While Pezé is all in favour of pouring more funding into research, diagnosis and treatment for the “legions” of people who have chronic diseases and “suffer without any relief,” she says it’s more urgent to fund training for family doctors and create long Covid specialists.

“My ex-GP was an ignoramus who refused to believe long Covid existed and made my life hell for six years by treating every symptom (including my pericarditis) as if I was a hypochondriac,” she says. “I felt so utterly dismissed and abandoned. I carry trauma from that more than anything. It is absolutely awful not to be taken seriously.”

Pezé says she built up her resistance on her own via “enormous effort”, including changing her diet, practicing yoga and meditation and avoiding stress. She only takes medication now for her heart problem, but with new symptoms cropping up since the flu and her pericarditis, she would like to finally be referred to a long Covid specialist, “if such a thing exists in the Netherlands”, she says.

Pezé’s list of symptoms is so complex and baffling that her new GP, while more open-minded than the previous one, is stumped on how to proceed. Pezé is nervous about not being taken seriously again.

About face

The new recommendations into understanding chronic post-acute infection syndromes (PAIS), of which long Covid is one, marks a U-turn from the past two years of government policy.

Broadcaster NOS reported that health minister Sophie Hermans believes the regular healthcare system should be responsible for long Covid patients. But the Dutch Health Council says “the estimated large numbers of people with long COVID and other PAIS cannot simply be absorbed into regular care.”

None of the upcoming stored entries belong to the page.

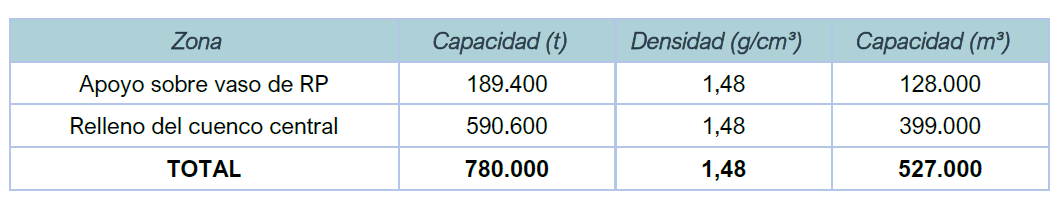 -En el caso de la explotación del vaso de residuos no peligrosos, paralizada en la actualidad hasta la aprobación del nuevo modelo de explotación, aún quedan por aprovechar un total de 780.000 toneladas de residuo a depositar. En términos de volumen, y considerando una densidad media estimada, la capacidad restante por aprovechar en el vaso de residuos no peligrosos es de 527.000 m³.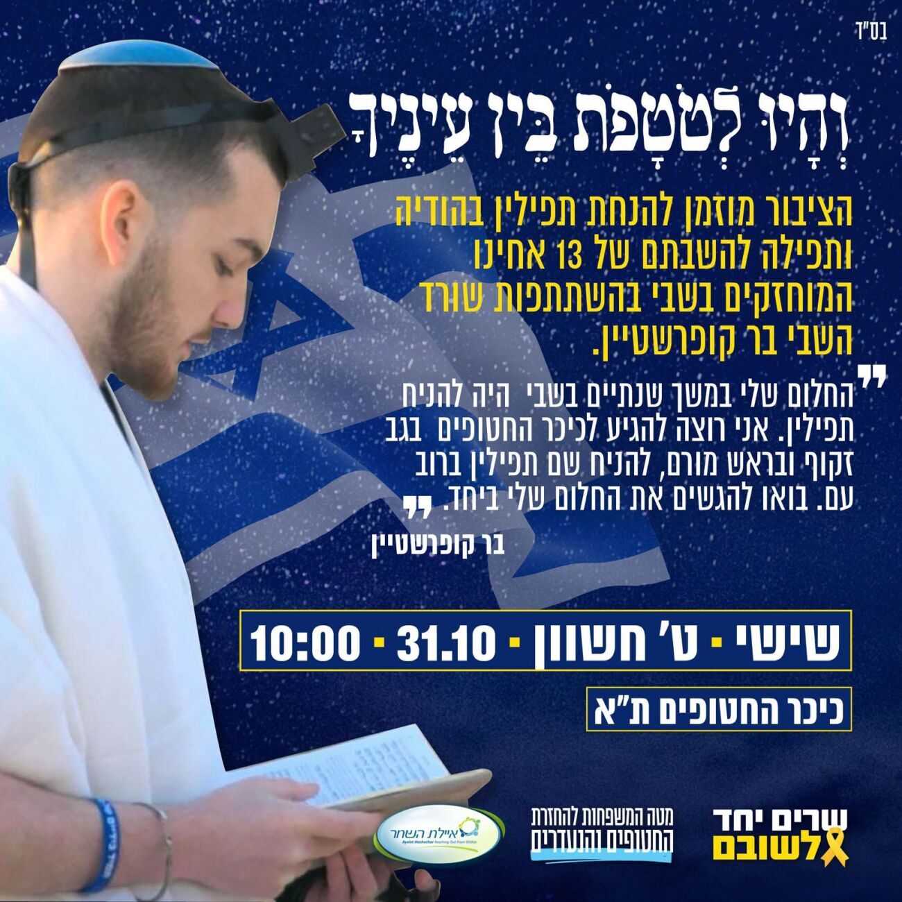 לדברי המטה, קופרשטיין יניח תפילין בהודיה על שובו מהשבי. המעמד יהווה גם תפילה וקריאה משותפת להשבתם המיידית של כל 13 החטופים שעדיין מוחזקים בשבי.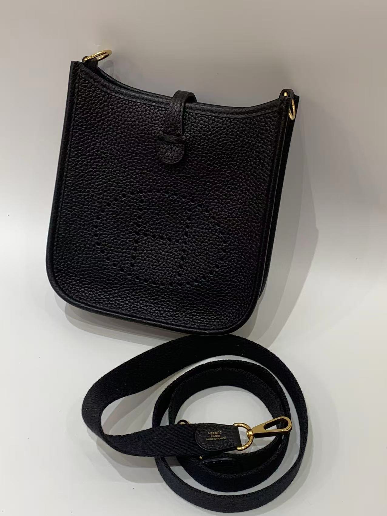 / hermes mini evelyne black color 24k gold plated hardware

The ministry says it is studying the council’s advice.

For Pezé, life with her daughter goes on. “I power through all this, I focus on having a good, peaceful, happy life,” she said. “But when I start thinking about what medical professionals have put me through for the past six years, I usually cry.”

“So, yeah, guys, whenever you want to try and find us treatments, it will be appreciated! So many goddamn lives ruined and wasted to this virus and others.”